Data extracted from a collection
━━━━━━━━━━━━━━━━
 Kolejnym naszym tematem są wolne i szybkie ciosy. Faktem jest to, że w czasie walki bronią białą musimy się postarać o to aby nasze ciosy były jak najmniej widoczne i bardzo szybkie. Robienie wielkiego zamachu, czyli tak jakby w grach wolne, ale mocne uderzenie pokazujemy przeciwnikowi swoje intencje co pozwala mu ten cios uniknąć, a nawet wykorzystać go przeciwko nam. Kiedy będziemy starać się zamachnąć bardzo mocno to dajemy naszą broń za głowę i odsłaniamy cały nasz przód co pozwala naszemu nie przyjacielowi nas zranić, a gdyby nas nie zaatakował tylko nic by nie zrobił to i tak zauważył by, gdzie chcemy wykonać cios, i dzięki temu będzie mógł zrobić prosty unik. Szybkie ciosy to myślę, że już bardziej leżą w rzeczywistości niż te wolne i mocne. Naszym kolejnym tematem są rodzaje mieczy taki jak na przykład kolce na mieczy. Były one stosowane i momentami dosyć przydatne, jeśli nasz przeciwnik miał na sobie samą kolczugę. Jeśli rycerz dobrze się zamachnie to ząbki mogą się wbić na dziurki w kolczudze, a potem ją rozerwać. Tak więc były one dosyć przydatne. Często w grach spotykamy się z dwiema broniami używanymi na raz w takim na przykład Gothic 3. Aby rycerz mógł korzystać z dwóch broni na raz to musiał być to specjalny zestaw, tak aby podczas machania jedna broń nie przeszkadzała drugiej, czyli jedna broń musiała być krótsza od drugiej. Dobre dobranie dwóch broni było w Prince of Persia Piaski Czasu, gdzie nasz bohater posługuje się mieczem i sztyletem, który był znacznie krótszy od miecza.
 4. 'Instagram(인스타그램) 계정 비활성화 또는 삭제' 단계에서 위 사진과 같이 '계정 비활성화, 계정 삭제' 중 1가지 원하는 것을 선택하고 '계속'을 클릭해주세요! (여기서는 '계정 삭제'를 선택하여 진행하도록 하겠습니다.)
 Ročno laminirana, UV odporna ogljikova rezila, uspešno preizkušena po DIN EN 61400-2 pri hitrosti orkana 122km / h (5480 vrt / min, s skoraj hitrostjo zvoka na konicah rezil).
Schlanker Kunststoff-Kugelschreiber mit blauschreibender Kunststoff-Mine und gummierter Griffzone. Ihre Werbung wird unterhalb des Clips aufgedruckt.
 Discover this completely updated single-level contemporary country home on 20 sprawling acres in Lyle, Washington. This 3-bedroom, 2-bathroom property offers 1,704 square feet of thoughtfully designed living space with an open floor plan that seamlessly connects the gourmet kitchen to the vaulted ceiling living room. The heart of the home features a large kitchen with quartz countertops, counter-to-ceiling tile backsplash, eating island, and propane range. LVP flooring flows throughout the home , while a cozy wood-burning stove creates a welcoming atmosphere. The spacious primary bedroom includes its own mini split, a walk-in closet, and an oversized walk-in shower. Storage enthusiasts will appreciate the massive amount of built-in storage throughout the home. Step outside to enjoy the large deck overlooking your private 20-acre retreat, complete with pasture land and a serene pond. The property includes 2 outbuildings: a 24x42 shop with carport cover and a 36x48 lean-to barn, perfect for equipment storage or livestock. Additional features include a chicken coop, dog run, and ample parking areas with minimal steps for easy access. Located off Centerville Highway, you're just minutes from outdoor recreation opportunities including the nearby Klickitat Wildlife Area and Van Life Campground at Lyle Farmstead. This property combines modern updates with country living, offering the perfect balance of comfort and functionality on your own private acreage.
━━━━━━━━━━━━━━━━
TASK BRIEF
Among the entries above, the line containing "Ročno laminirana, UV", the line containing "Schlanker Kunststoff-Kugelschreiber mit", and all lines between them are to be restated word for word; nothing else belongs in the reply.

EXERCISE SOLUTION
 Ročno laminirana, UV odporna ogljikova rezila, uspešno preizkušena po DIN EN 61400-2 pri hitrosti orkana 122km / h (5480 vrt / min, s skoraj hitrostjo zvoka na konicah rezil).
Schlanker Kunststoff-Kugelschreiber mit blauschreibender Kunststoff-Mine und gummierter Griffzone. Ihre Werbung wird unterhalb des Clips aufgedruckt.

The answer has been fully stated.